# Beef Back Ribs, The Other Rib Meat



## Savannahsmoker (Oct 27, 2011)

One package of  Beef Back Ribs.






This is how I remove the membrane from ribs.   I found a perfect membrane removal tool and married her.





Temp looks good on the Traeger.





In go the seasoned ribs.





George is a friendly squirrel that we started feeding every afternoon and he was getting impatient while I fiddled with the smoker.





Here they are just a smoking in the Pit





Ribs are plated up





Dinner is Served





Thanks for looking an y’all a good day


----------



## jess11 (Oct 27, 2011)

Ohhhh yum  There are few things that smell as good as ribs in the smoker  We're Green Egg people over here... Thanks for the pics!

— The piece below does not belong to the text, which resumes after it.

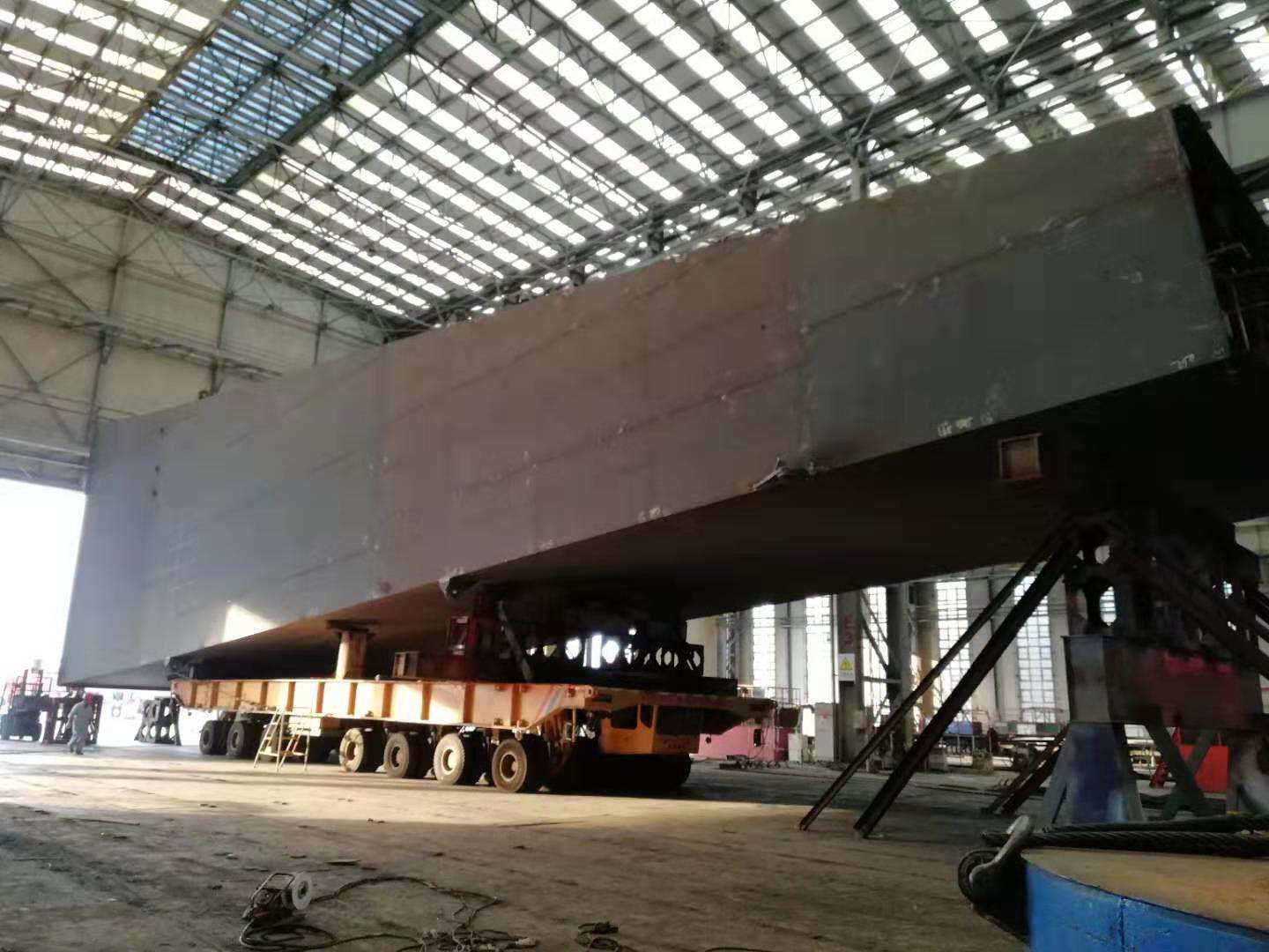 轉運伊始,在公司多部門的大力配合下,集思廣益,充分論證傾斜和加固轉運方案的可行性和可靠性,排除風險點,確保轉運工作萬無一失。8月19日開始做準備工作,積極制作各類工裝夾具,分步抬升、反復測量、多次修改,經過鋼構部三天兩夜的奮戰(zhàn),8月23日下午終于完成了全部轉運準備工作,開始轉運。18點整,剛腿分段最高點順利通過車間大門,距極限門高僅差不到20cm,19:30剛腿分段整體完全通過車間大門,平穩(wěn)轉運出車間。

Its been a couple of months since we've done ribs so I think we're due


----------



## FrankZ (Oct 27, 2011)

Those look great.. thank you for sharing.


----------



## Dawgluver (Oct 27, 2011)

"I found a perfect membrane removal tool and married her."



Beautiful ribs, Savannah!


----------



## Zhizara (Oct 27, 2011)

Thanks for the great pictures.  We love food porn.


----------



## babetoo (Oct 27, 2011)

yummy


----------



## PrincessFiona60 (Oct 28, 2011)

Hokey Smokes!  I can smell that here.


----------



## Rob Babcock (Oct 28, 2011)

That looks awesome!  But I'd be warning that tree rat to stay away from my ribs!


----------



## Paymaster (Oct 28, 2011)

Wow!!!!!!!!!!!!!!!!!! They look great. Awesome color! Thanks for sharing.


----------



## FrankZ (Oct 28, 2011)

Squirrels is good eatin...


----------



## Timothy (Oct 28, 2011)

FrankZ said:


> Squirrels is good eatin...


Man, you can't eat a squirrel named George, Frank! 

He is nice and fat though....


----------